Law 52/2007, commonly known as Historical Memory Law (Sp: Ley de Memoria Histórica), recognises and broadens "the rights and establishes measures in favour of those who suffered persecution or violence during the civil war and the dictatorship." It was passed by the Congress of Deputies on 31 October 2007, on the basis of a bill proposed by the PSOE government of Prime Minister José Luis Rodríguez Zapatero. The Historical Memory Law principally recognizes the victims on both sides of the Spanish Civil War, gives rights to the victims and the descendants of victims of the Civil War and of the subsequent dictatorship, and formally condemns the repressions of the Franco regime.

The conservative Popular Party and the Republican Left of Catalonia (ERC) both voted against the law, for opposite reasons. For its vote, the Popular Party accused the Socialist Party government of weakening the political consensus of the transition to democracy and "using the Civil War as an argument for political propaganda", while the Republican Left of Catalonia rejected the law on the basis that it did not go far enough.

== Provisions ==

The main provisions of the law are:

- Recognition of the victims of political, religious and ideological violence on both sides of the Spanish Civil War and of Franco's State.
- Condemnation of the Francoist State
- Prohibition of political events at the Valley of the Fallen – Franco's burial place.
- The removal of objects which exalt the July 1936 coup, civil war and Francoist repression from public buildings and spaces. Exceptions may be given for artistic or architectural reasons, or in the case of religious spaces.
- State help in the tracing, identification and eventual exhumation of victims of Francoist repression whose corpses are still missing, often buried in mass graves.
- The granting of Spanish nationality to surviving members of the International Brigades, without requiring them to renounce their own nationalities.
- Rejection of the legitimacy of laws passed and trials conducted by the Francoist State.
- Temporary change to Spanish nationality law, granting the right of return and de origen citizenship to those who left Spain under Franco for political or economic reasons, and their descendants.
- Provision of aid to the victims and descendants of victims of the Civil War and the Francoist State.

== Criticism ==
Criticism of the law has come from two sides, those who think that the law is not effective enough and those who support the Pact of Forgetting. Doubt has been expressed about how effective the law is as a means of obtaining retroactive justice. Republican Left of Catalonia (ERC), the left wing and Catalan nationalist party, opposed the law for not overturning verdicts reached by judges in political trials conducted in Francoist Spain, although the new legislation did declare these trials illegitimate.

Another example of the limits placed on judicial activity is what happened in 2008 when Judge Baltasar Garzón opened a national investigation into Franco and his allies. He dropped the investigation the same year after state prosecutors questioned his jurisdiction over Francoist crimes. In a 152-page statement, he passed responsibility to regional courts for opening 19 mass graves believed to hold the remains of hundreds of victims. Subsequently, a Spanish court upheld the 1977 Amnesty Law, declaring that Garzón had opened the investigation without proper authority.

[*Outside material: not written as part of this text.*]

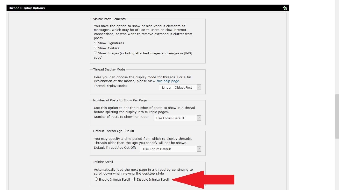 Go to User CP - Your Control Panel - Settings & Options - Edit Options. Go down to the Infinite Scroll option box and check Disable Infinite Scroll. Finally go all the way down to the bottom of the screen and click on the Save Changes button. You will no longer see ancient threads in your browse.

Members of the conservative Popular Party have tended to support the Amnesty Law. The Amnesty Law is used as the basis of arguments that the Historical Memory Law goes against the spirit of Spain's transition to democracy.
For example, the leader of the Popular Party Mariano Rajoy claimed while in opposition that Garzón's attempt to compile a list of victims would needlessly open up old wounds. However, the Popular Party did offer support for some elements of the Historical Memory Law, including seven amendments to the original text of the law, facilitating the "depoliticisation" of the Valle de los Caídos (Valley of the Fallen) and monetary aid to victims of the Civil War and Franco regime.

== Implementation of the Law ==
The conservative Popular Party government of Mariano Rajoy, which was in power from 2011 until 2018, neither repealed nor amended the Historical Memory Law but largely ignored it. The Centro Documental de la Memoria Histórica provided information on victims of Francoist repression, but the government curtailed State help in the exhumation of victims.

In 2020, the government of Pedro Sanchez resumed financial support to victim associations for exhumations.

== New law ==
In 2020, El Pais reported that the Pedro Sánchez administration was working on the draft of a new historical memory law that would include a DNA database and an official list of Civil War victims. This new law, enacted in 2022, would come to be known as the Democratic Memory Law.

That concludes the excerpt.